▶ [Task] Write out the lines below exactly, beginning at the one with "Note that some" and stopping after the one with "Parlak pembe kumaştan, uzun"; the pictures are not copied.

▶ [Supplied data]
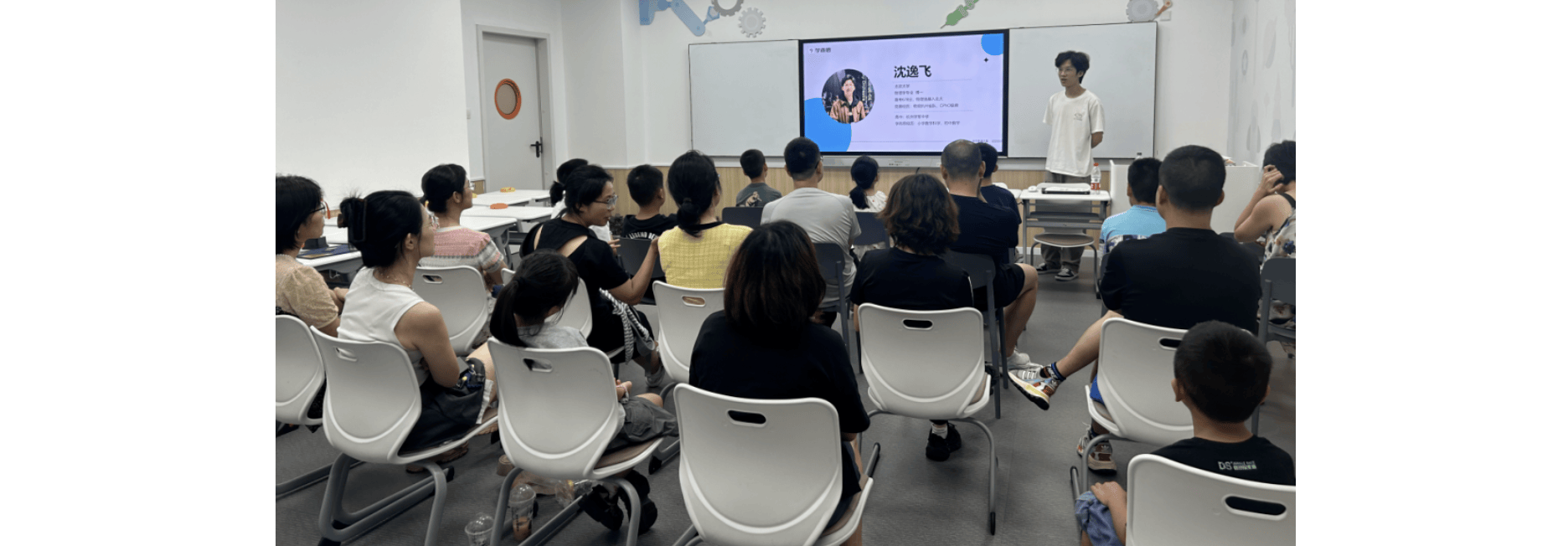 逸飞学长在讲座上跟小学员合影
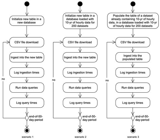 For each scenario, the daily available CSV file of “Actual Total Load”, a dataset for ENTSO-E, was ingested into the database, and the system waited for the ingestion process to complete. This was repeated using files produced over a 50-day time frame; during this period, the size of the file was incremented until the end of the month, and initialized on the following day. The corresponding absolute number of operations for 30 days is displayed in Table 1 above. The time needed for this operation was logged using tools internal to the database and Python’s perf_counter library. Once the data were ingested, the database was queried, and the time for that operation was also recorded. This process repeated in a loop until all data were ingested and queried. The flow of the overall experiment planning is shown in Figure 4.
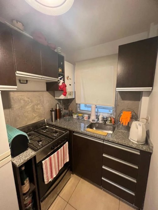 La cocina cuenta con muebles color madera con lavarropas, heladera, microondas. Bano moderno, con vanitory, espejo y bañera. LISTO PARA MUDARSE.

...

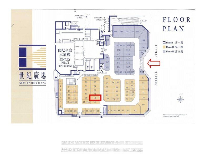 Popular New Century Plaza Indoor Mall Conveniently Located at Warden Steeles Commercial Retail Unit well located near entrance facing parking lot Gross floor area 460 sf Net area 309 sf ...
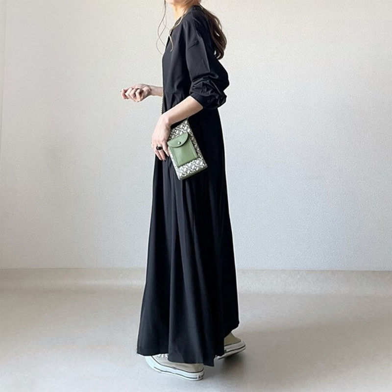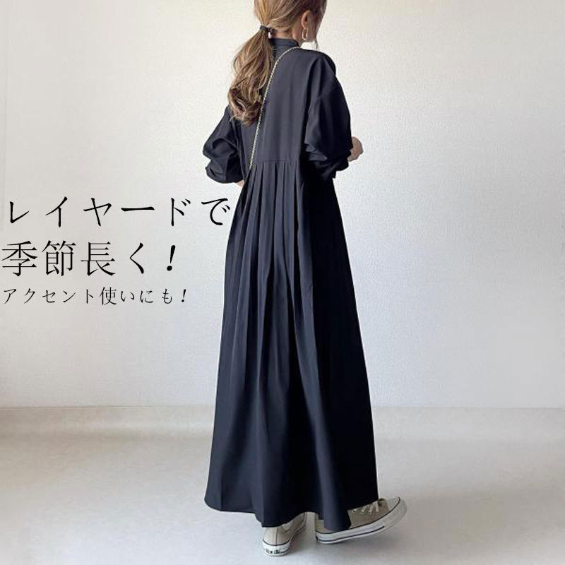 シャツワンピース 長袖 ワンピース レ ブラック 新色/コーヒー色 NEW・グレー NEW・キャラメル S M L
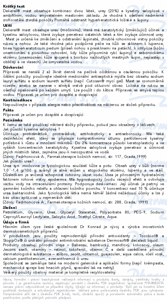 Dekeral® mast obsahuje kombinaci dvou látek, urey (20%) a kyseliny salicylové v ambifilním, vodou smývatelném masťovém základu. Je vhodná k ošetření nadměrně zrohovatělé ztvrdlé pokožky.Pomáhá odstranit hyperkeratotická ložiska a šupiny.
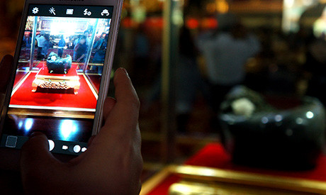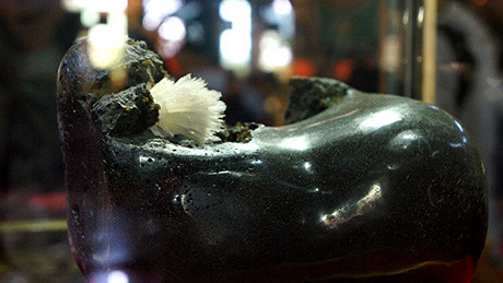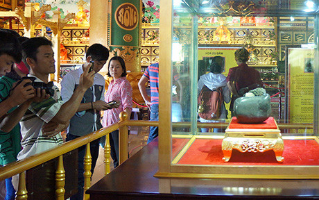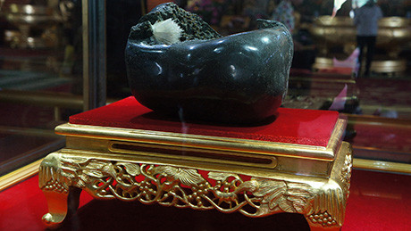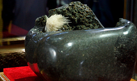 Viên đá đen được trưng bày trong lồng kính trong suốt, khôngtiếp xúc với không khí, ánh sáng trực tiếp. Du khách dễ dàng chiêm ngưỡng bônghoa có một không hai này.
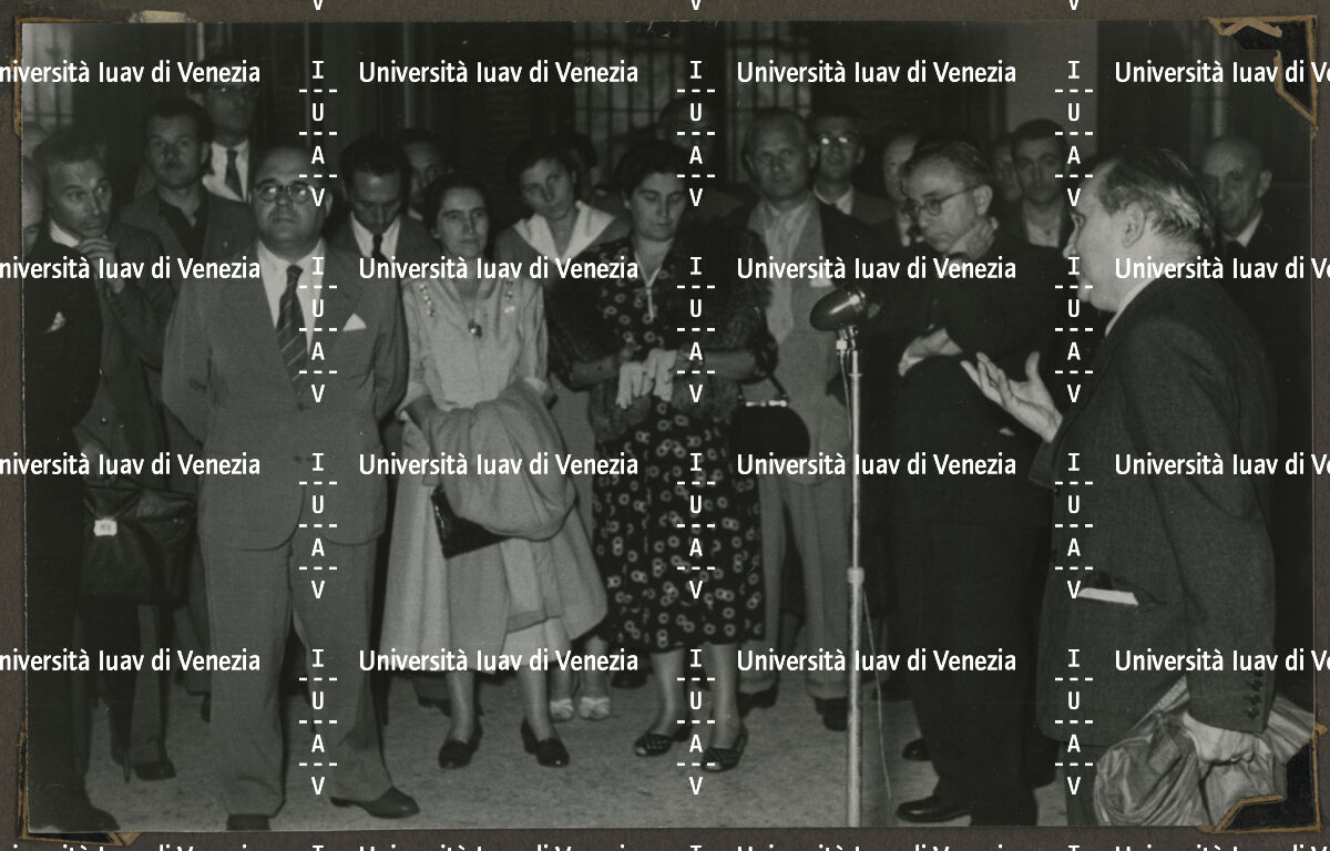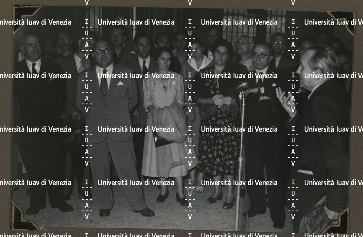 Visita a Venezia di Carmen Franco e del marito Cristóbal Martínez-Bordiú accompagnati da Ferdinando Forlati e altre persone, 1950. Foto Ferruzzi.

...

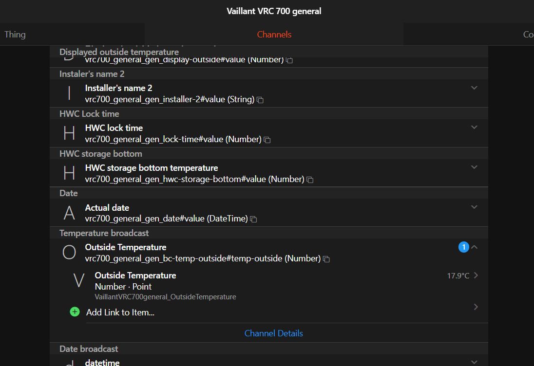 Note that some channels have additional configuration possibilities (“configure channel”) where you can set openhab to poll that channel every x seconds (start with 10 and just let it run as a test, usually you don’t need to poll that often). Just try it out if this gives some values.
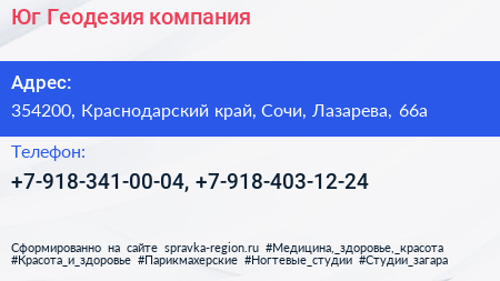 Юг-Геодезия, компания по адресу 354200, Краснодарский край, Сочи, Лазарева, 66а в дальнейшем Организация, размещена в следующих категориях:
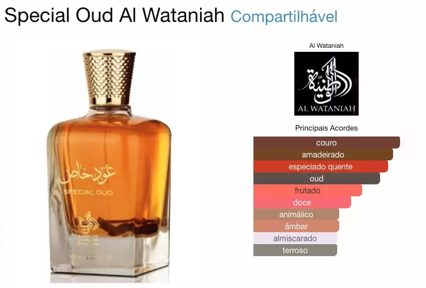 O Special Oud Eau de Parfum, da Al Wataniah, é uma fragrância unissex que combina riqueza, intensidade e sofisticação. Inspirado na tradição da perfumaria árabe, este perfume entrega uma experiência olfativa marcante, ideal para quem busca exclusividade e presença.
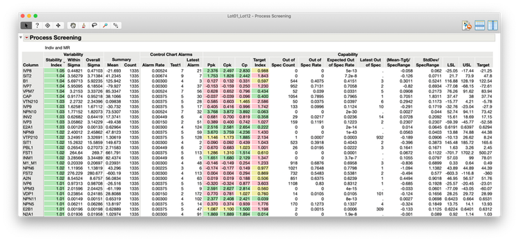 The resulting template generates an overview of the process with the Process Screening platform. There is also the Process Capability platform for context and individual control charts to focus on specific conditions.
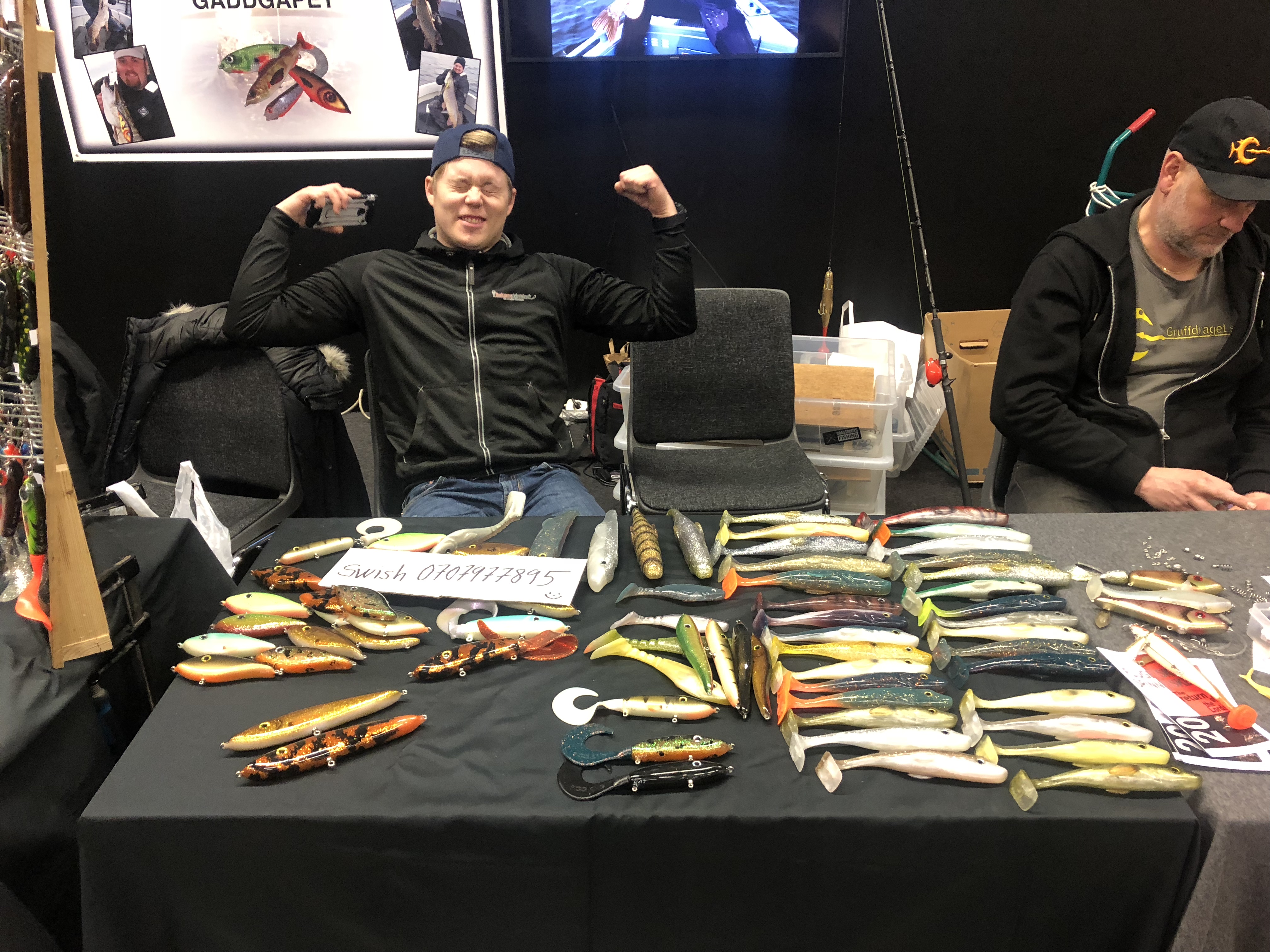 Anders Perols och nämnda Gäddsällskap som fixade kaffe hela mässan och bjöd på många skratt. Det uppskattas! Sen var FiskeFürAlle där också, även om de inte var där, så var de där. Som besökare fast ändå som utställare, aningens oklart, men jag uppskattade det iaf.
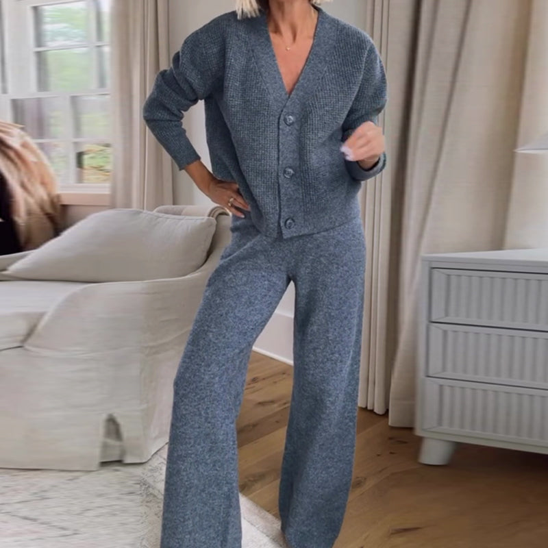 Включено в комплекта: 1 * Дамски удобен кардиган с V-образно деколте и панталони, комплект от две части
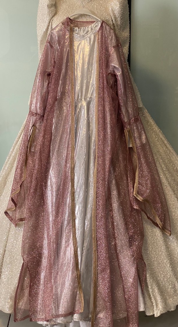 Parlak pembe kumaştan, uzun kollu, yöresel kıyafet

▶ [Answer area]
 Note that some channels have additional configuration possibilities (“configure channel”) where you can set openhab to poll that channel every x seconds (start with 10 and just let it run as a test, usually you don’t need to poll that often). Just try it out if this gives some values.
 Юг-Геодезия, компания по адресу 354200, Краснодарский край, Сочи, Лазарева, 66а в дальнейшем Организация, размещена в следующих категориях:
 O Special Oud Eau de Parfum, da Al Wataniah, é uma fragrância unissex que combina riqueza, intensidade e sofisticação. Inspirado na tradição da perfumaria árabe, este perfume entrega uma experiência olfativa marcante, ideal para quem busca exclusividade e presença.
 The resulting template generates an overview of the process with the Process Screening platform. There is also the Process Capability platform for context and individual control charts to focus on specific conditions.
 Anders Perols och nämnda Gäddsällskap som fixade kaffe hela mässan och bjöd på många skratt. Det uppskattas! Sen var FiskeFürAlle där också, även om de inte var där, så var de där. Som besökare fast ändå som utställare, aningens oklart, men jag uppskattade det iaf.
 Включено в комплекта: 1 * Дамски удобен кардиган с V-образно деколте и панталони, комплект от две части
 Parlak pembe kumaştan, uzun kollu, yöresel kıyafet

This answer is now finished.